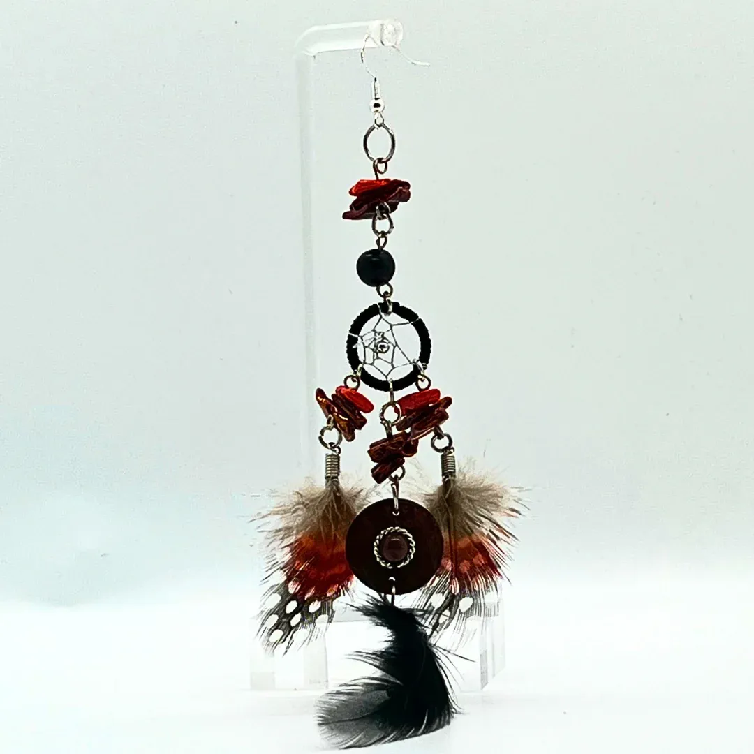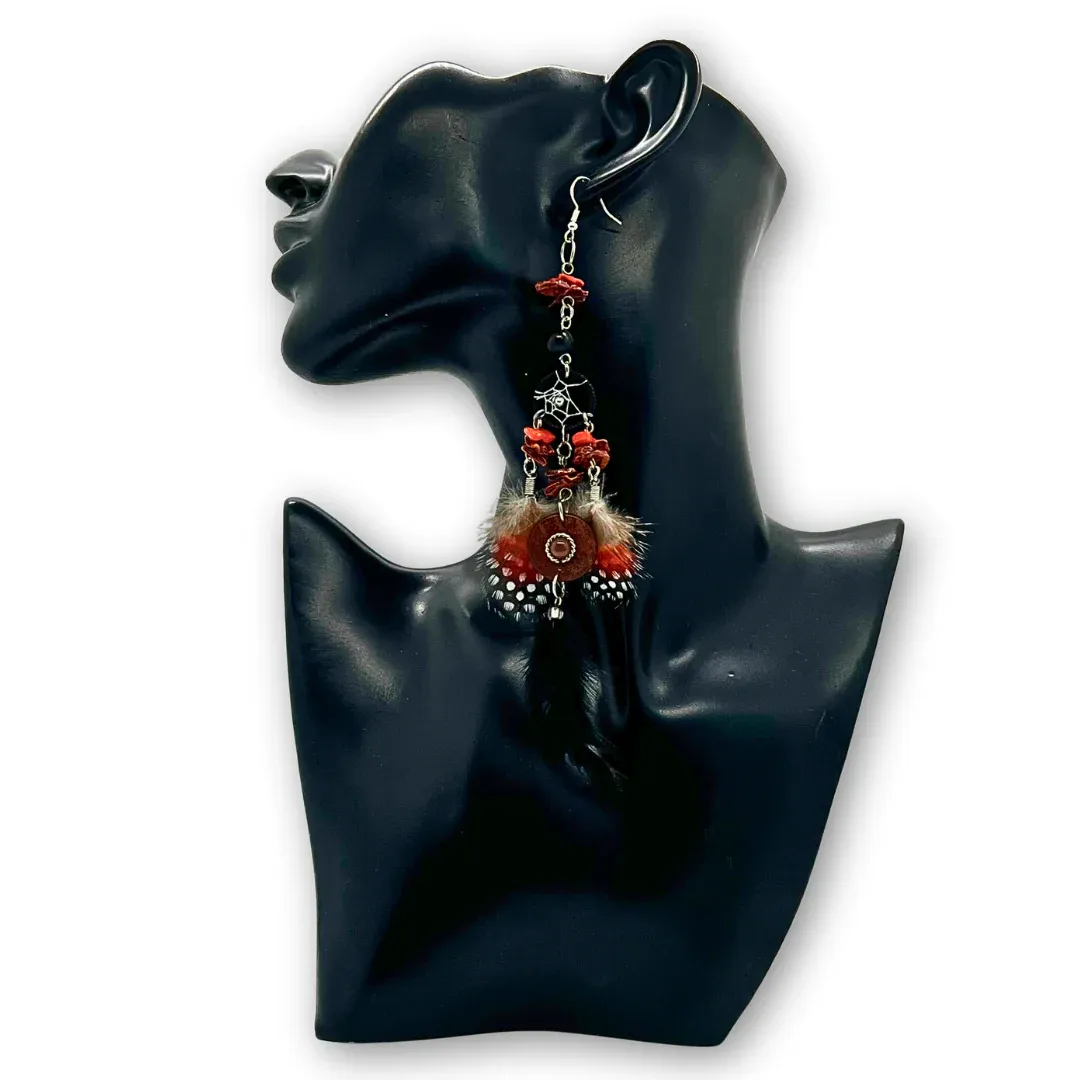 Diseño y Simbología: El arete presenta una cadena de cuentas que incluye tonos rojo coral y negro (similares a las semillas de huayruro) y detalles metálicos plateados. En el centro, un dije tribal calado de metal representa la conexión con la espiritualidad y los motivos sagrados. Además, incluye un detalle de plumas pequeñas jaspeadas en el centro.
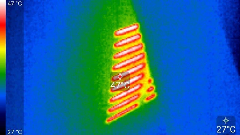 Видно, что нагрев локализован в центральной части. Теплоснимок вентиляционной решетки на задней панели показывает область с максимальным нагревом:
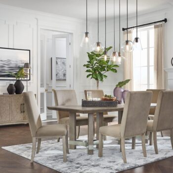 Ashley Furniture Chrestner – Brown / Beige – 8 Pc. – Rectangular Dining Room Table, 6 Side Chairs, Server
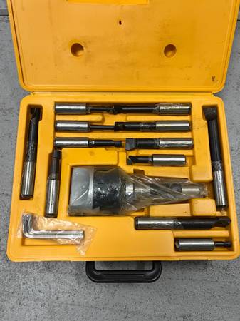 Grizzly model G9324 3" boring combo set with R-8 shank, brand new and never used. Includes boring head, shank, multiple boring bars, and Allen wrench in original molded carrying case. Designed for precision boring operations on mills. All components are clean, unused, and still wrapped for protection.
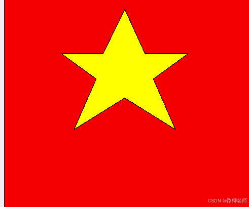 # -*- coding:utf-8 -*- """ ------------------------------------------------ File Name: 五角星的绘制.py Description: Author: lzq date:2024-08-03 09:56 ------------------------------------------------ """ import math import sys from PyQt6.QtWidgets import QApplication, QWidget from PyQt6.QtGui import QPainter, QColor, QBrush, QPainterPath, QPolygon from PyQt6.QtCore import Qt, QPoint class ChinaFlag(QWidget): def __init__(self): super().__init__() self.initUI() def initUI(self): self.setGeometry(100, 100, 500,400) self.setWindowTitle('金色五角星') self.show() def paintEvent(self, e): painter = QPainter() painter.begin(self) self.drawFlag(painter) painter.end() def drawFlag(self, qp): # 红色背景 qp.setBrush(QBrush(QColor(244, 0, 2))) qp.drawRect(10, 10, 288*2, 192*2) polygon=QPolygon([QPoint(100, 100),QPoint(166, 100),QPoint(200, 30),QPoint(232, 100),QPoint(300, 100),QPoint(245, 140),QPoint(280, 220),QPoint(200, 170),QPoint(120, 220),QPoint(155, 140)]) qp.setBrush(QBrush(QColor(255, 255, 0))) qp.drawPolygon(polygon) qp.end() if __name__ == '__main__': app = QApplication(sys.argv) ex = ChinaFlag() sys.exit(app.exec())
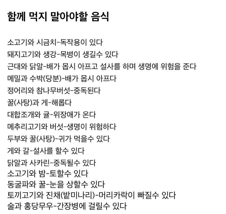 북한이 알려주는 함께 먹지 말아야할 음식
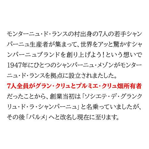 他の画像を見る ブランドブランとダブルで2年連続世界一! 送料無料パルメブラン ド ノワール 正規品 750mlヴァレ ド ラ マルヌ シャンパン 辛口 シャンパーニュ ワインよりどり3本以上5%OFF ワインよりどり6本以上10%OFF ¥ 13,200 税込 お気に入りに登録する
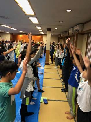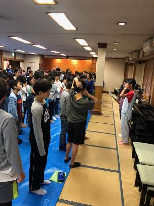 6時20分集合、朝会の様子です。5時前頃から雨が降っていますが、今日の天気は晴れ、時々大気が不安定なため雨の予報です。今日も早めの行動を心がけていきます。
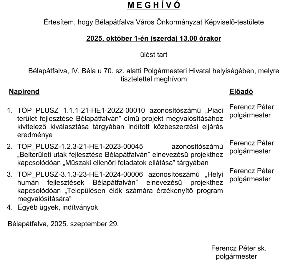 MEGHÍVÓ Képviselő-testület 2025. október 1.-i ülésére
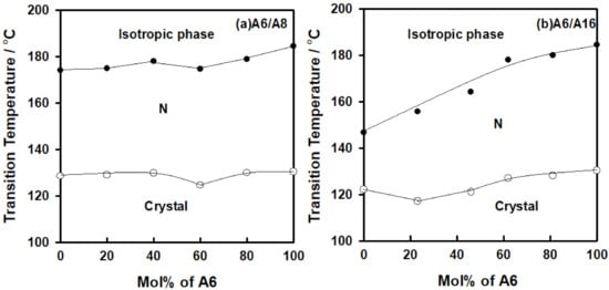 Binary phase diagram of (a) A6/A8 and (b) A6/A16. “○” denotes crystal–nematic transition, and “●” denotes nematic–isotropic liquid transition.
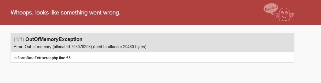 Hugh1975 Posted January 8, 2021 Author Share Posted January 8, 2021 When I activate the debug mode I get this when I try to modify a product (1/1) OutOfMemoryException Error: Out of memory (allocated 703070208) (tried to allocate 20480 bytes) in FormDataExtractor.php line 55 Link to comment Share on other sites More sharing options...

------------------------------------

Directions: Print the preceding material over again exactly. Please leave the pictures out.

Task solution:
 Diseño y Simbología: El arete presenta una cadena de cuentas que incluye tonos rojo coral y negro (similares a las semillas de huayruro) y detalles metálicos plateados. En el centro, un dije tribal calado de metal representa la conexión con la espiritualidad y los motivos sagrados. Además, incluye un detalle de plumas pequeñas jaspeadas en el centro.
 Видно, что нагрев локализован в центральной части. Теплоснимок вентиляционной решетки на задней панели показывает область с максимальным нагревом:
 Ashley Furniture Chrestner – Brown / Beige – 8 Pc. – Rectangular Dining Room Table, 6 Side Chairs, Server
 Grizzly model G9324 3" boring combo set with R-8 shank, brand new and never used. Includes boring head, shank, multiple boring bars, and Allen wrench in original molded carrying case. Designed for precision boring operations on mills. All components are clean, unused, and still wrapped for protection.
 # -*- coding:utf-8 -*- """ ------------------------------------------------ File Name: 五角星的绘制.py Description: Author: lzq date:2024-08-03 09:56 ------------------------------------------------ """ import math import sys from PyQt6.QtWidgets import QApplication, QWidget from PyQt6.QtGui import QPainter, QColor, QBrush, QPainterPath, QPolygon from PyQt6.QtCore import Qt, QPoint class ChinaFlag(QWidget): def __init__(self): super().__init__() self.initUI() def initUI(self): self.setGeometry(100, 100, 500,400) self.setWindowTitle('金色五角星') self.show() def paintEvent(self, e): painter = QPainter() painter.begin(self) self.drawFlag(painter) painter.end() def drawFlag(self, qp): # 红色背景 qp.setBrush(QBrush(QColor(244, 0, 2))) qp.drawRect(10, 10, 288*2, 192*2) polygon=QPolygon([QPoint(100, 100),QPoint(166, 100),QPoint(200, 30),QPoint(232, 100),QPoint(300, 100),QPoint(245, 140),QPoint(280, 220),QPoint(200, 170),QPoint(120, 220),QPoint(155, 140)]) qp.setBrush(QBrush(QColor(255, 255, 0))) qp.drawPolygon(polygon) qp.end() if __name__ == '__main__': app = QApplication(sys.argv) ex = ChinaFlag() sys.exit(app.exec())
 북한이 알려주는 함께 먹지 말아야할 음식
 他の画像を見る ブランドブランとダブルで2年連続世界一! 送料無料パルメブラン ド ノワール 正規品 750mlヴァレ ド ラ マルヌ シャンパン 辛口 シャンパーニュ ワインよりどり3本以上5%OFF ワインよりどり6本以上10%OFF ¥ 13,200 税込 お気に入りに登録する
 6時20分集合、朝会の様子です。5時前頃から雨が降っていますが、今日の天気は晴れ、時々大気が不安定なため雨の予報です。今日も早めの行動を心がけていきます。
 MEGHÍVÓ Képviselő-testület 2025. október 1.-i ülésére
 Binary phase diagram of (a) A6/A8 and (b) A6/A16. “○” denotes crystal–nematic transition, and “●” denotes nematic–isotropic liquid transition.
 Hugh1975 Posted January 8, 2021 Author Share Posted January 8, 2021 When I activate the debug mode I get this when I try to modify a product (1/1) OutOfMemoryException Error: Out of memory (allocated 703070208) (tried to allocate 20480 bytes) in FormDataExtractor.php line 55 Link to comment Share on other sites More sharing options...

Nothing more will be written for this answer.